As negociações salariais referentes à data-base de outubro registraram progresso nos ganhos reais em relação ao mês anterior, passando de 72,7% em setembro para 82,3% em outubro, segundo dados compilados até 11 de novembro pelo Dieese (Departamento Intersindical de Estatística e Estudos Socioeconômicos). Apesar disso, tapume de 10% dos reajustes continuam inferior da inflação medida pelo INPC (Índice Pátrio de Preços ao Consumidor).
O valor médio da variação real também subiu, de 0,59% em setembro para 0,86% em outubro. No entanto, a estudo dos últimos 12 meses aponta tendência de redução nos percentuais de reajustes supra ou iguais à inflação e aumento nos resultados inferior do índice, sugerindo maior dificuldade nas negociações coletivas, embora os reajustes supra da inflação ainda predominem desde 2023.
Perfil dos reajustes em 2025
Até outubro, foram analisados 17.919 reajustes salariais, abrangendo todas as datas-bases de 2025. Desses, 78,2% ficaram supra do INPC, 13,5% foram iguais ao índice e 8,3% ficaram inferior da inflação.

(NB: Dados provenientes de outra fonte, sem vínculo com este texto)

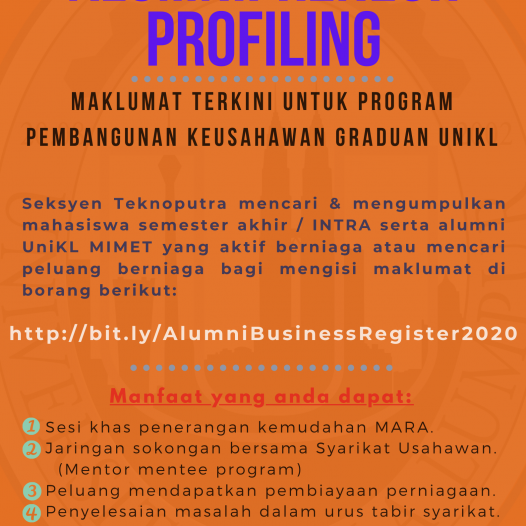 Apa itu?? ~OBJEKTIF~ Membudayakan pemikiran keusahawanan dan mewujudkan usahawanan dikalangan mahasiswa UniKL untuk membawa transformasi negara ekonomi berpendapatan tinggi di dalam mencapai status negara cemerlang. ~VISI~ Menjadi pusat pengembangan ideologi keusahawanan berasaskan ilmu pengetahuan, kemahiran dan praktikaliti perniagaan sejajar dengan kehendak semasa. ~MISI~ Untuk membudayakan pemikiran keusahawanan dan mewujudkan usahawanan dikalangan mahasiswa […]

A variação real média do ano é de 0,89%.
Em outubro, o reajuste médio necessário para repor a inflação foi de 4,49%, subordinado ao registrado em setembro (5,10%), refletindo a desaceleração da inflação.
Somente 1,3% dos reajustes de outubro foram parcelados, enquanto 8,6% foram escalonados, ou seja, pagos em percentuais diferentes conforme fita salarial ou porte da empresa.
Setores e regiões
Os maiores percentuais de reajustes supra da inflação ocorreram entre industriários (80,4%) e comerciários (79,0%). No setor rústico, a maior incidência de reajustes inferior do INPC chegou a 19,1%.
Em termos de variação real média, o setor de serviços lidera com 0,97%, enquanto os comerciários registram o menor índice, de 0,69%. Entre as regiões, Sudeste e Sul apresentam ganhos reais em mais de 80% das negociações, com destaque para o Sudeste, que lidera a variação real média do ano (1,01%).
Pisos salariais
O piso salarial médio das negociações de 2025 até outubro é de R$ 1.853, enquanto o mediano é de R$ 1.730. Por setor, os serviços têm o maior piso médio (R$ 1.900) e a indústria o maior mediano (R$ 1.759).
Entre as regiões, os maiores pisos médios e medianos estão no Sul, com R$ 1.912 e R$ 1.860, respectivamente.